Li Si (Mandarin: ;  BCSeptember or October 208 BC) was a Chinese calligrapher, philosopher, and politician of the Qin dynasty. He served as Chancellor (or Prime Minister) from 246 to 208 BC under two rulers: Qin Shi Huang, the king of the Qin state and later the First Emperor of the Qin dynasty; and Qin Er Shi, Qin Shi Huang's eighteenth son and the Second Emperor. Concerning administrative methods, Li Si "indicated that he admired and utilized the ideas of Shen Buhai", repeatedly referring to the technique of Shen Buhai and Han Fei, but regarding law followed Shang Yang.
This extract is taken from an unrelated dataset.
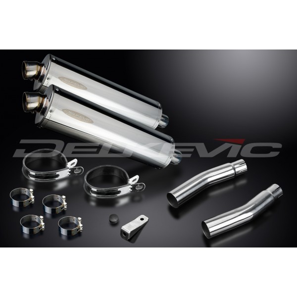 - This set includes - Delkevic silencers with removable baffles, link pipes, silencer straps, clamps, bracket, and fixings.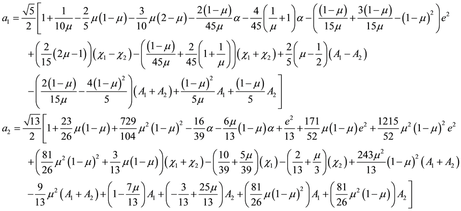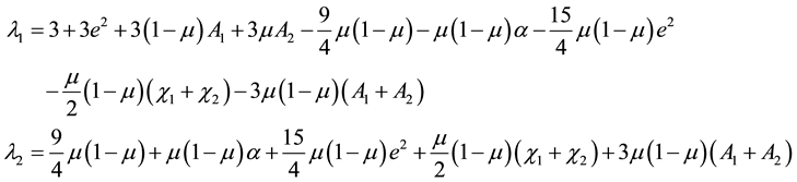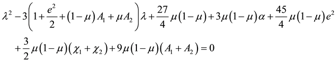 Table 2. Effect of the eccentricity of the primaries on the frequencies of the long and short periods, their eccentricities, semi- major and semi-minor axes and the roots of (10), for

John Knoblock, a translator of classical Chinese texts, considered Li Si "one of the two or three most important figures in Chinese history"; Li Si assisted the Emperor Shi Huangdi in unifying the laws, governmental ordinances, weights and measures, and standardized chariots, carts, and the characters used in writing... [facilitating] the cultural unification of China. He "created a government based solely on merit, so that in the empire sons and younger brothers in the imperial clan were not ennobled, but meritorious ministers were", and "pacified the frontier regions by subduing the barbarians to the north and south". He had the weapons of the feudal states melted and cast into musical bells and large human statues, and relaxed taxes and the draconian punishments inherited from Shang Yang.

Early life 
Li Si was originally from Shang Cai () in the State of Chu. As a young man he was a minor functionary in the local administration of Chu. According to the Records of the Great Historian, one day Li Si observed that rats in the outhouse were dirty and hungry but the rats in the barn house were well fed. He suddenly realized that "there is no set standard for honour since everyone's life is different.  The values of people are determined by their social status.  And like rats, people's social status often depends purely on the random life events around them.  And so instead of always being restricted by moral codes, people should do what they deemed best at the moment." He made up his mind to take up politics as a career, which was a common choice for scholars not from a noble family during the Warring States period.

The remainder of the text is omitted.